Only the lines from the first line of the entries through the line with "Foto: Judith Denner" belong in the answer, each restated word for word and without pictures.
START Records supplied
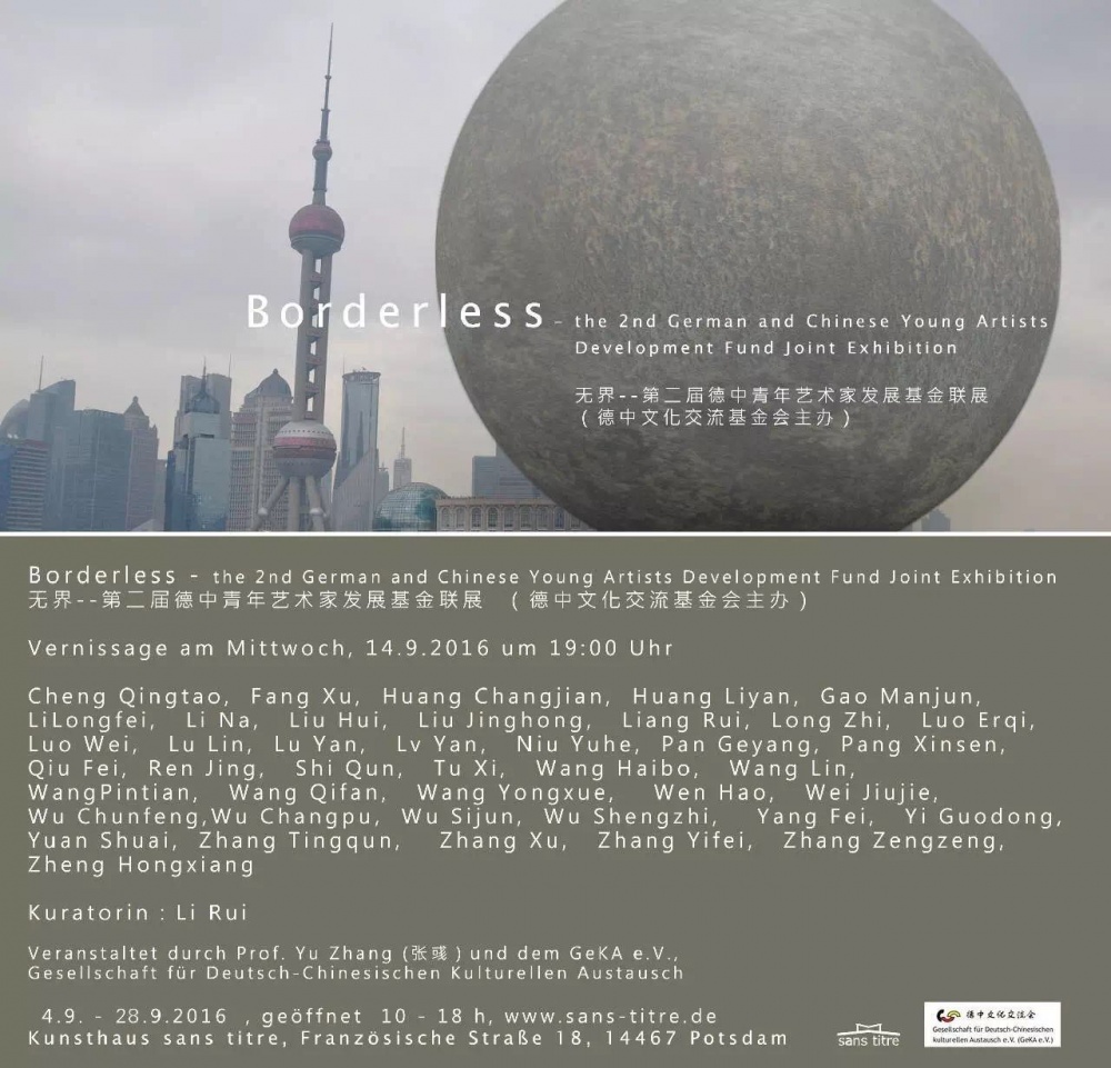 《无界——第二届德中青年艺术家发展基金联展》将于2016年9月4日——9月28日在德国波茨坦Sans Titre美术馆隆重举行,本届主题展由德国著名机构德中文化交流基金会主办,展览由中国知名策展人李蕊策划。本届展览延续上届德中文化交流基金会主推中国当代青年艺术家宗旨,特别邀请中国当代青年艺术家参加,不仅为他们在德国提供一个国际化的展示舞台,展览又将亮相于9月德国艺术周,如同展览主题为无界一样,有着中德艺术交流与融合的特殊意义。
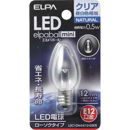 ELPA 電球(LED) LED電球ローソク形E12 明るさ18lm クリア昼白色相当 LDC1CN-G-E12-G305
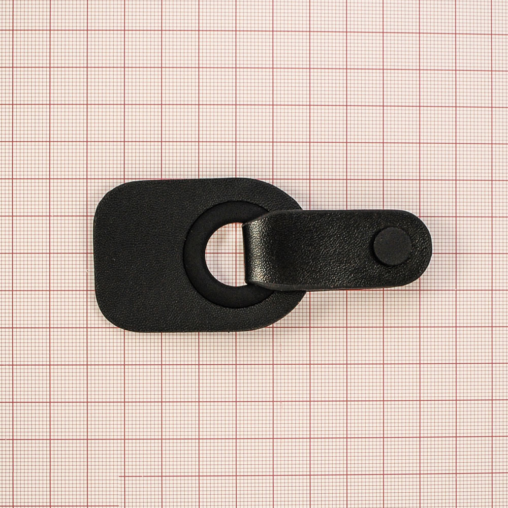 Застежка кожзам с кнопкой , 9*4 см , черный кожзам, черный метал
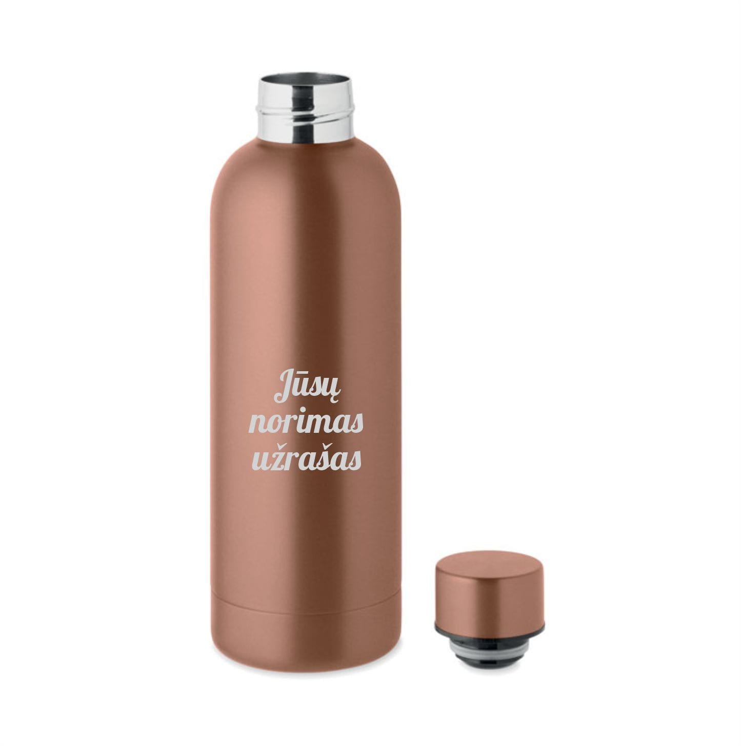 Termo butelis su graviruotu vardu, užrašu ar logotipu – tai puiki dovana gimtadienio proga.
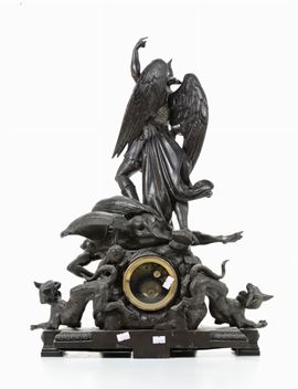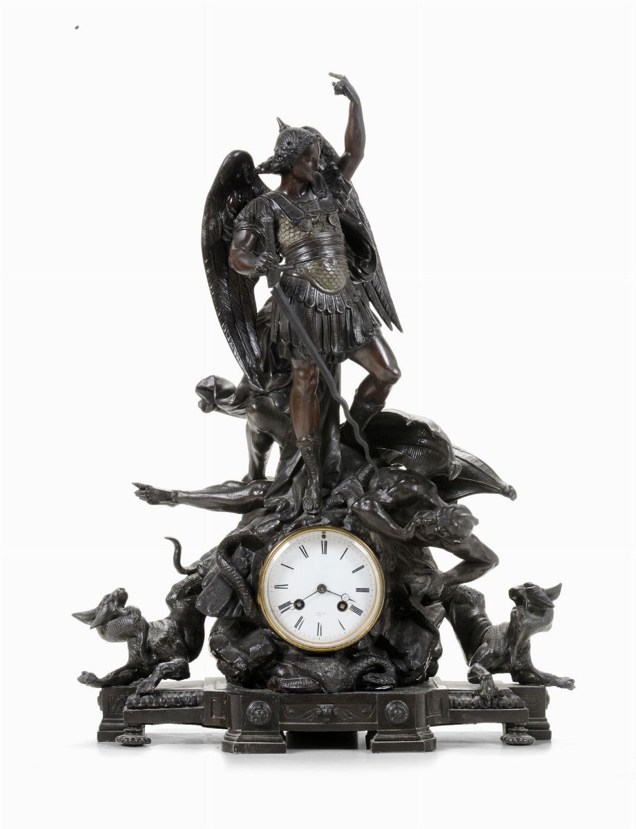 Pendola da tavolo in metallo brunito con Arcangelo Michele, XIX-XX secolo
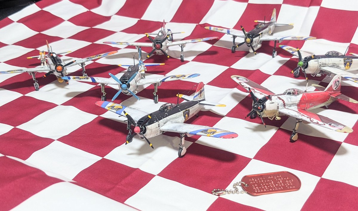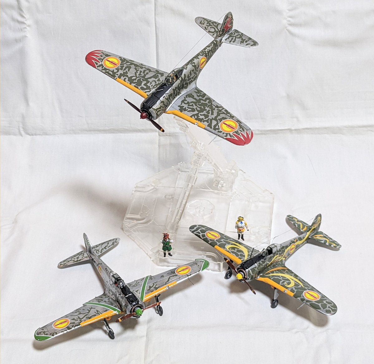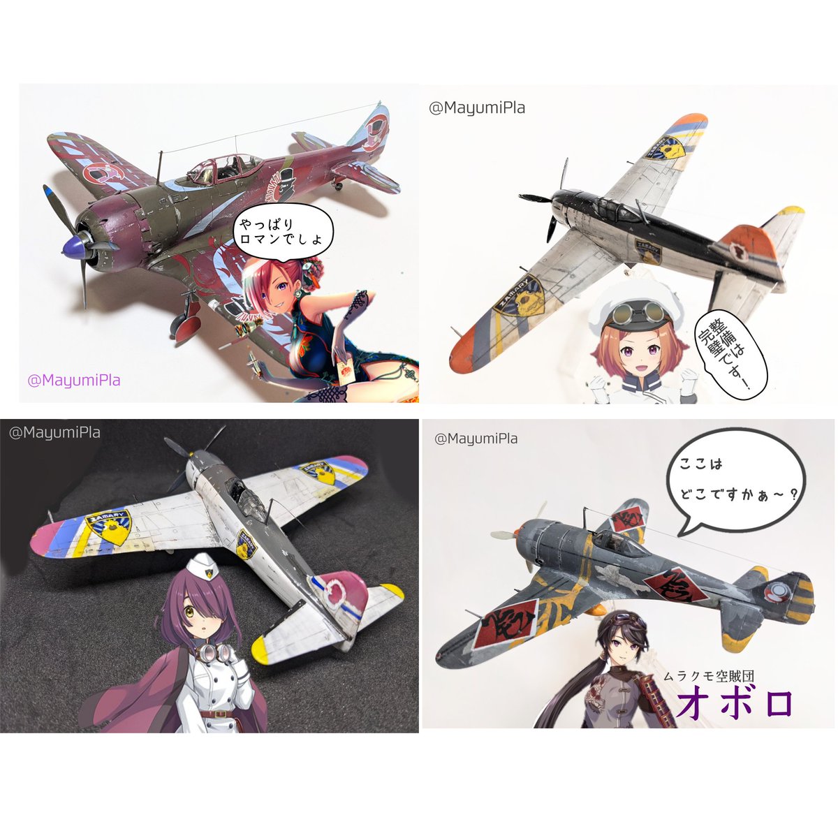 #今月作ったプラモ晒そうぜ 月が変わってしまったけど、9月〜今日にかけて完成したのは、どちらもアニメ『荒野のコトブキ飛行隊』に関連したゲーム、『大空のテイクオフガールズ』に登場した機体。スケールは1/72。
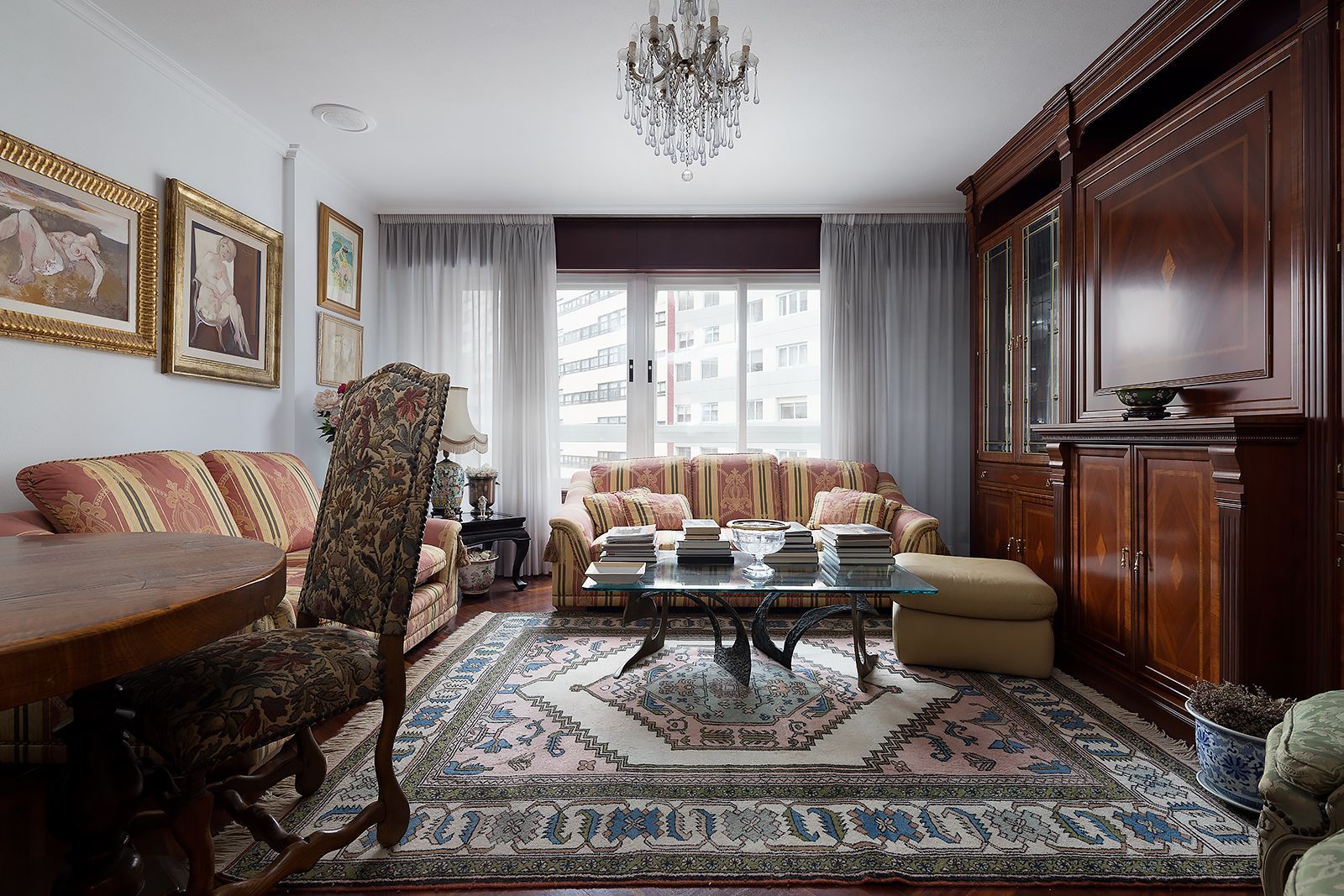 Vivienda de 124 m2 construidos en quinta planta exterior de edificio con fachada a la Avda. de Fernández Latorre, al lado de la plaza de 4 Caminos y el Corte Inglés, a cinco minutos del centro de la ciudad.
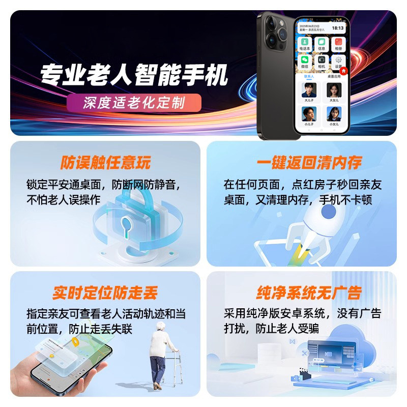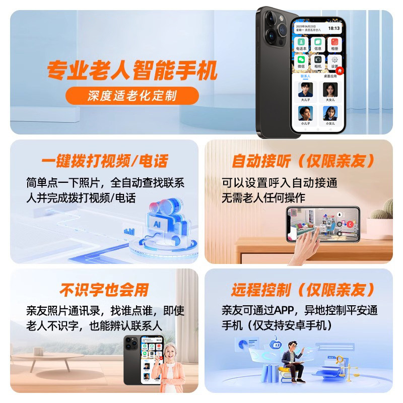 新款平安省心通老人智能手机适合不识字老年人专用的一键呼视频通电话自动接听全网通大屏大字大声音定位功能
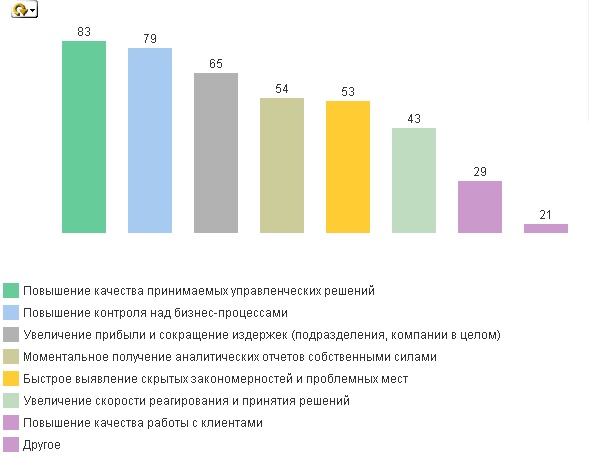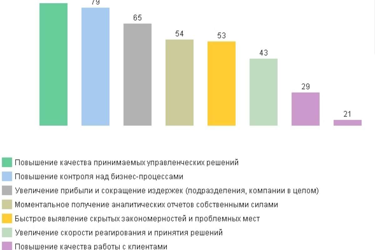 Ценность и полезность BI-систем осознают практически все опрошенные. Среди наиболее ожидаемых результатов внедрения BI-систем оказались повышение качества принимаемых решений (83 опрошенных) и рост контроля над бизнес-процессами в целом (79 опрошенных). Роста прибыли и сокращения издержек ожидают 65 участников опроса, более 50 – моментального получения отчетов собственными силами и быстрого выявления проблемных точек и скрытых закономерностей; 43 участника надеются на увеличение скорости принимаемых решений, а 29 – на повышение качества работы с клиентами. Заметим, что в данном вопросе, как и в предыдущем, респонденты могли выбрать не один ответ, а несколько, что и сказалось на результате.
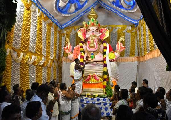 புதுச்சேரி சாரம் அவ்வை திடலில் இந்து முன்னணி சார்பில் நடந்த விநாயகர் சதுர்த்தி விழாவில் சாமிக்கு தீபாரதனை நடந்தது.
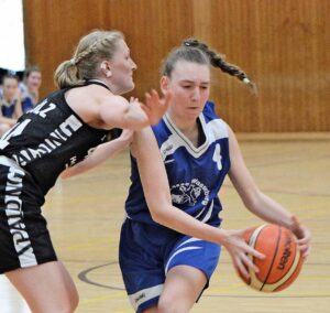 Foto: Judith Denner (blaues Dress) setzt sich auf dem Weg zum Korb gegen eine ihrer Gegenspielerinnen vom SV Bad Tölz durch.
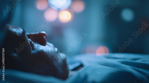 face, sleep, dream, night, blur, light, dark, close, profile, rest, quiet, peace, calm, serene, still, soft, sharpened, texture, shadow, depth, emotion, thought, mind, consciousness, unconscious, body, human, person, individual, portrait, head, eye, nose, mouth, skin, wrinkle, age, health, disease, hospital, medicals, care, treatment, patient, doctor, surgery, anaesthesia, recovery, death
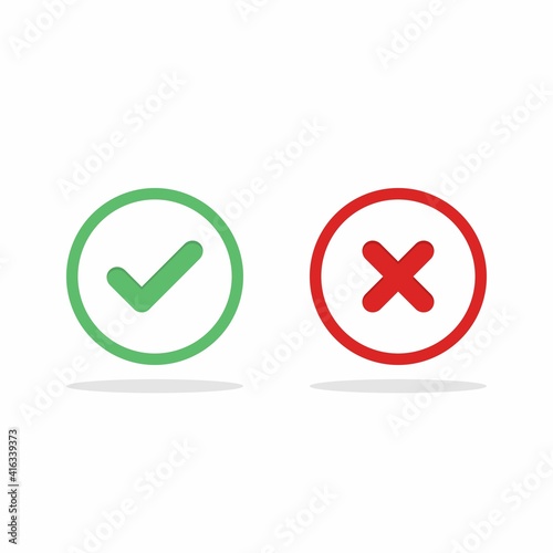 Check and wrong marks, Tick and cross marks, Accepted/Rejected, Approved/Disapproved, Yes/No, Right/Wrong, Green/Red, Correct/False, Ok/Not Ok - vector mark symbols in green and red. Isolated icon.
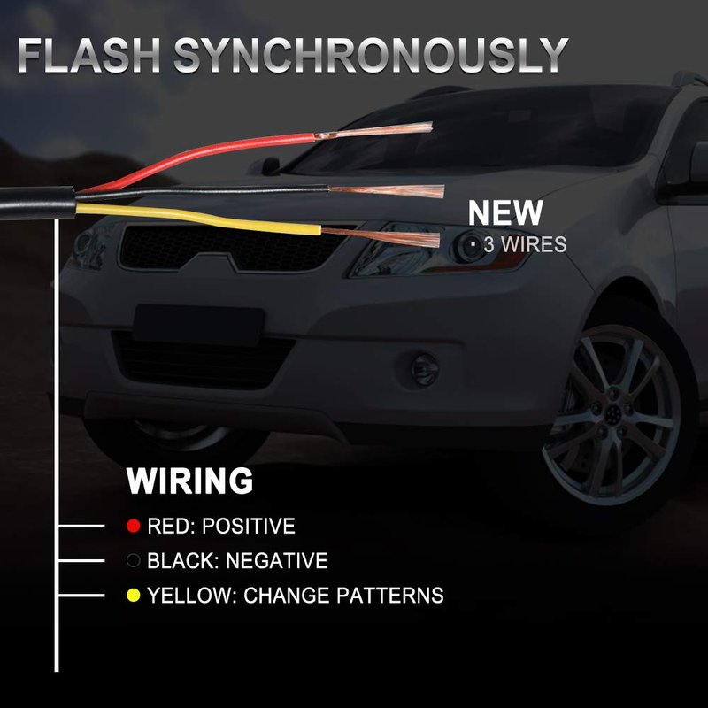 - TIPS: Set all lights to the same pattern, then connect the yellow wires together and the lights WILL SYNC to each other as long as it’s the SAME pattern! Different patterns, NO SYNC! Customer satisfaction guarantee and customer support within 24 hours.
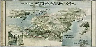 Beginning in 1859, land reclamation in the Waitematā Harbour enabled Auckland to become a shipping hub, facilitating the export of goods such as gold from the Thames gold rush and kauri logging, until these resources were exhausted in the early 1900s.[48] By 1890, 53 hectares of land was reclaimed at the Ports of Auckland.[49] In the 1880s, many headlands of the Waitematā Harbour were developed into military forts due to concerns over a potential invasion from Russia,[49] including Point Resolution in Parnell and Bastion Point at Ōrākei (however most prominently seen at North Head and Mount Victoria on the North Shore). During the 19th century, plans for a canal (variously at the Ōtāhuhu portage or the Whau River portage) linking the two sides of the isthmus were widely discussed, however plans never eventuated, and by the 1910s the idea had been abandoned, after the completion of the North Island Main Trunk railway.[50]
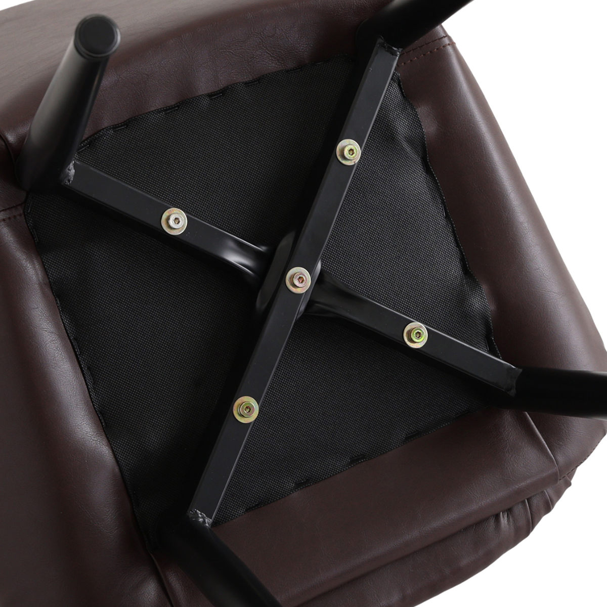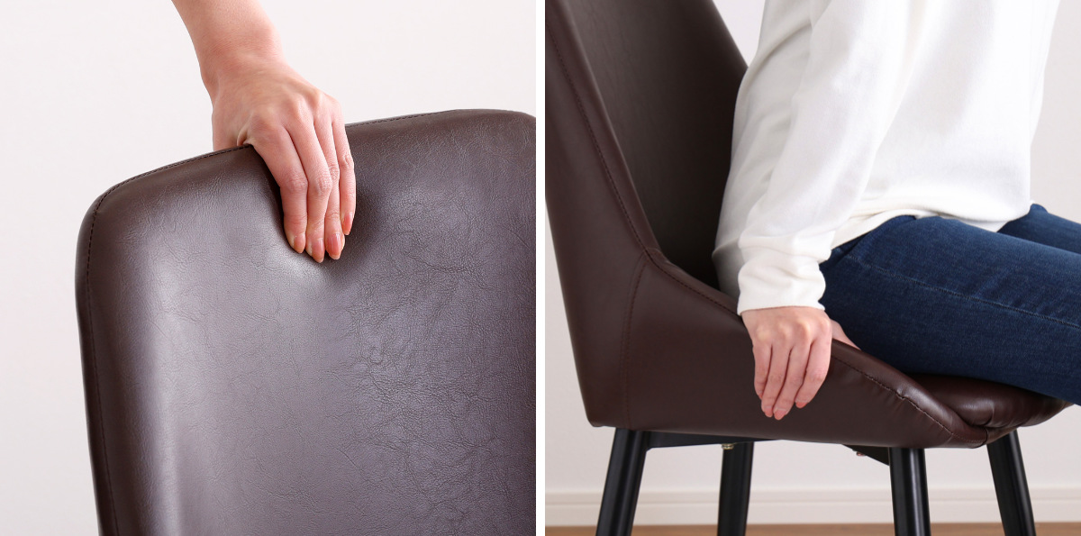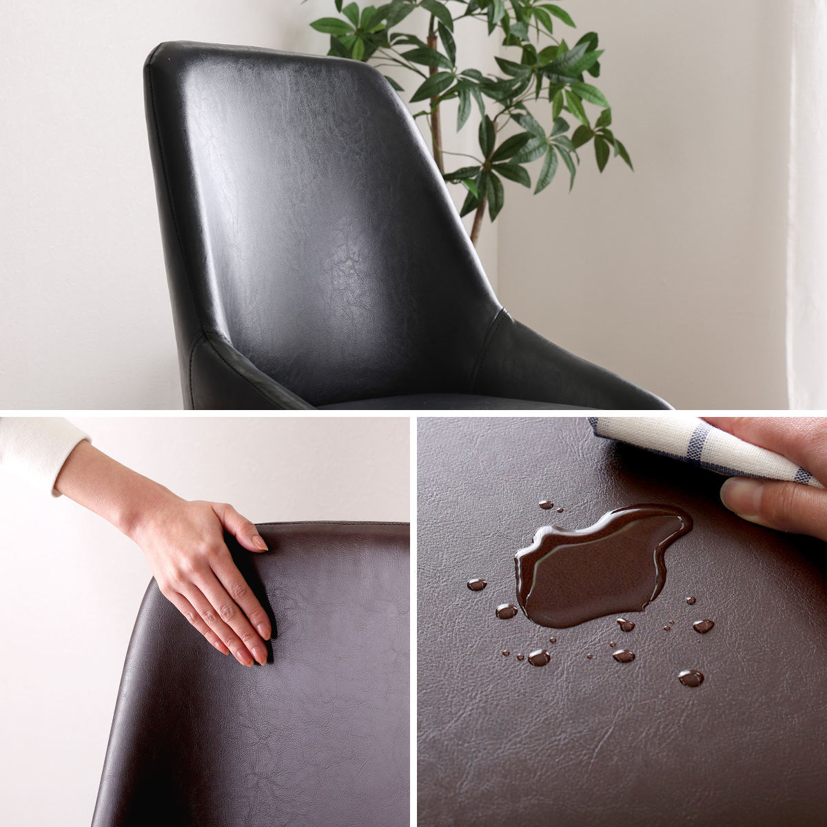 座面と背もたれはPVCレザーを使用しており、本革のようなリアルな質感です。PVC生地は水や汚れに強く、サッと拭くだけでお手入れも簡単です。
END Records supplied
#### [Response]
 《无界——第二届德中青年艺术家发展基金联展》将于2016年9月4日——9月28日在德国波茨坦Sans Titre美术馆隆重举行,本届主题展由德国著名机构德中文化交流基金会主办,展览由中国知名策展人李蕊策划。本届展览延续上届德中文化交流基金会主推中国当代青年艺术家宗旨,特别邀请中国当代青年艺术家参加,不仅为他们在德国提供一个国际化的展示舞台,展览又将亮相于9月德国艺术周,如同展览主题为无界一样,有着中德艺术交流与融合的特殊意义。
 ELPA 電球(LED) LED電球ローソク形E12 明るさ18lm クリア昼白色相当 LDC1CN-G-E12-G305
 Застежка кожзам с кнопкой , 9*4 см , черный кожзам, черный метал
 Termo butelis su graviruotu vardu, užrašu ar logotipu – tai puiki dovana gimtadienio proga.
 Pendola da tavolo in metallo brunito con Arcangelo Michele, XIX-XX secolo
 #今月作ったプラモ晒そうぜ 月が変わってしまったけど、9月〜今日にかけて完成したのは、どちらもアニメ『荒野のコトブキ飛行隊』に関連したゲーム、『大空のテイクオフガールズ』に登場した機体。スケールは1/72。
 Vivienda de 124 m2 construidos en quinta planta exterior de edificio con fachada a la Avda. de Fernández Latorre, al lado de la plaza de 4 Caminos y el Corte Inglés, a cinco minutos del centro de la ciudad.
 新款平安省心通老人智能手机适合不识字老年人专用的一键呼视频通电话自动接听全网通大屏大字大声音定位功能
 Ценность и полезность BI-систем осознают практически все опрошенные. Среди наиболее ожидаемых результатов внедрения BI-систем оказались повышение качества принимаемых решений (83 опрошенных) и рост контроля над бизнес-процессами в целом (79 опрошенных). Роста прибыли и сокращения издержек ожидают 65 участников опроса, более 50 – моментального получения отчетов собственными силами и быстрого выявления проблемных точек и скрытых закономерностей; 43 участника надеются на увеличение скорости принимаемых решений, а 29 – на повышение качества работы с клиентами. Заметим, что в данном вопросе, как и в предыдущем, респонденты могли выбрать не один ответ, а несколько, что и сказалось на результате.
 புதுச்சேரி சாரம் அவ்வை திடலில் இந்து முன்னணி சார்பில் நடந்த விநாயகர் சதுர்த்தி விழாவில் சாமிக்கு தீபாரதனை நடந்தது.
 Foto: Judith Denner (blaues Dress) setzt sich auf dem Weg zum Korb gegen eine ihrer Gegenspielerinnen vom SV Bad Tölz durch.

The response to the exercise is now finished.